Surrey has a celebrated culture of risk-taking and innovation in terms of building possibilities from the ground up. This is different from Vancouver, which has an already established culture. Surrey offers an open environment for fostering relationships and embracing entrepreneurial risks. Anita believes in opening oneself up to risks and believes this allows us to learn from setbacks and restart with new determination. It is this culture that defines Surrey’s ecosystem, shaping it into a dynamic hub that thrives on the pursuit of new opportunities. 

As Surrey is going in the direction of becoming British Columbia's largest city, Anita remains at the center of it all, advocating for economic opportunities and using Surrey's multiculturalism to drive innovation and growth. Her vision goes beyond the Board's offices, as she is envisioning Surrey as a thriving tech destination and fostering private-public partnerships to fuel economic advancement.

Pursuing Other Passions 

Beyond her role on the Board, Anita’s impact exists in many other sectors.

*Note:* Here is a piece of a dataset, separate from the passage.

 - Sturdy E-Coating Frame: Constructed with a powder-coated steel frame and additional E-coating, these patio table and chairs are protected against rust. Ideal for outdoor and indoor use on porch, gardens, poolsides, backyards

As an honorary captain in the Royal Canadian Navy, she serves as an ambassador and advocates for the Navy's economic significance and forging connections that will benefit the community. 

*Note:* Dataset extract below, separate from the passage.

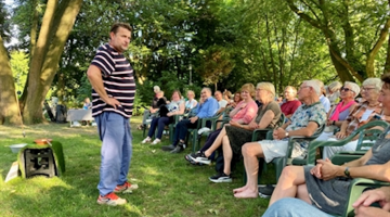 Der bekannte Filmschauspieler Peter Trabner präsentierte jetzt in Bocholt an der Podiumsbrücke sein „systemrelevantes Theaterspektakel für einen Mann und einen Baum“.

As someone who delves into so many different ventures, Anita is a woman who always embraces change. That being said, flexibility is key while working in a fast-paced and unpredictable environment. As well as being able to adapt to the unexpected. 

“Fostering personal connection is the only way to create relationships and to get to know another person. So often in order to make that sale.” — Anita Huberman

Anita Huberman's journey is shaped by resilience, a commitment to truth, and a strong dedication to community. She is an inspiration to young leaders, echoing the sentiment that success is not just about climbing the ladder but about lifting others along the way.

Advice for Young Leaders

Anita Huberman advises young leaders to develop personal connections with the people in their community. She swears by direct, face-to-face communication in diverse and multicultural settings like Surrey. So, her first advice for young people is to get off their cell phones and start talking to people face to face. She stresses the importance of knowing how to be social and the art of conversation. Anita believes in the necessity of building genuine relationships by engaging in personal interactions that transcend linguistic and cultural barriers. 

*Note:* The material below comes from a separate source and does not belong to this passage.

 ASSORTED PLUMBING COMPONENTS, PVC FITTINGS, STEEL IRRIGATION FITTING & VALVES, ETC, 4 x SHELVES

"Get rid of your phones and your screens for a while, meet new people, and talk face to face. That's the only way to make relationships, especially in multicultural communities."  — Anita Huberman

Drawing from her mother’s experiences, she encourages aspiring leaders to embody the qualities of sheer determination and an appreciation for resilience to achieve significant professional success. She believes in the power of meticulous planning as a precursor to manifestation and advocates for active participation in development boards to contribute to community growth. Young leaders should have a plan and specific goals in mind, imagine the life they want to live, and then plan the steps to get to that point. To summarize, one should focus on direct communication, strategic planning, and community engagement to become a well rounded person as well as a successful leader in the world.